TMS Movie Review: Jurassic World Rebirth
(Amblin Entertainment / Universal Pictures)
Where Joseph Kosinski’s F1 is a standard blockbuster that plays it safe in an entertaining, well-executed way, Gareth Edwards’ Jurassic World: Rebirth plays the standard blockbuster in a lazy, cliché, typical way. Pure schlock that only requires you to appreciate on-screen spectacle. Which, if that’s all you want, delivers, although fairly redundantly and previously achieved better in the Jurassic franchise, as well as Peter Jackson’s King Kong (2005) and James Cameron’s Aliens (1986). Scarlett Johansson is now back as the lead of a major action film series following her exit from the MCU, and her supporting cast is interesting enough with character actors like Rupert Friend, Jonathan Bailey, Mahershala Ali and Manuel Garcia-Rulfo.
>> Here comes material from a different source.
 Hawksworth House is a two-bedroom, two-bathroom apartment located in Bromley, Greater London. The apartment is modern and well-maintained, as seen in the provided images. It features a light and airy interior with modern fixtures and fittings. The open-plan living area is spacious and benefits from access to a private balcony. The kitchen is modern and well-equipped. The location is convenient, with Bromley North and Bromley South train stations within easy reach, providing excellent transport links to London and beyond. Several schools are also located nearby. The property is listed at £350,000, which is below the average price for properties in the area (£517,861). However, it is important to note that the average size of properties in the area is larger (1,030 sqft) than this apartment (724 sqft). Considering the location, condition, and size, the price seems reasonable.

After the events of Colin Trevorrow’s Jurassic World: Dominion (2022), in-demand mercenary Zora Bennett (Johansson) is recruited by major pharmacy executive Martin Krebs (Friend) to lead a group of professionals on an isolated island with mutated dinosaurs where they can retrieve dino DNA to provide life-saving benefits for the future of humanity. The team of experts includes boat captain Duncan Kincaid (Ali), paleontologist Henry Loomis (Bailey) and security chief Bobby Atwater (Ed Skrien). At the same time, ordinary family man Rueben (Garcia-Rulfo), his daughters Teresa (Luna Blaise) and Isabella (Audrina Miranda), and Teresa’s boyfriend Xavier (David Iacono) are attacked by dinos during a sailing trip and stranded with the DNA team on the island.
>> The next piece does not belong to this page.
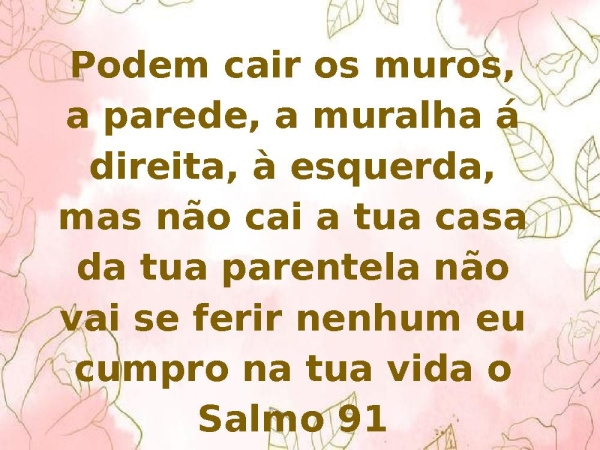 - Podem cair os muros, a parede, a muralha á direita, à esquerda, mas não cai a tua casa da tua parentela não vai se ferir nenhum eu cumpro na tua vida o Salmo 91

(Amblin Entertainment / Universal Pictures)
Jurassic World: Rebirth is the third movie in the franchise to be penned by David Koepp since Steven Spielberg’s Jurassic Park (1993) and Jurassic Park: The Lost World (1997). If anything, both Steven Soderbergh’s Black Bag and Presence from earlier this year, and now Rebirth, remind us of Koepp’s range as a writer, even though Rebirth feels like the ‘greatest hits’ of the Jurassic universe most of the time. Edwards, like Kosinski, has a visual flare that can be taken advantage of nicely if the screenplay is decent enough. But here, the direction and the characters do not make the feature greater than the sum of its parts. I hate to say it, but Rebirth felt like a whole lot of nothing for most of the runtime to me. Johansson proves she’s one of our finest modern movie stars, and I enjoyed the men in the cast, although both Bailey’s and Friend’s on-screen accents could have used more effort. I also liked how the strong, awesome female lead was paired with the book smart guy instead of the suave hotshot like expected. Other than that, mutated dinosaurs are lame and if it weren’t for the movie already making a ton of money at the box office, I would say this is a clear sign to take another long break from all things Jurassic. Your move, James Gunn’s Superman.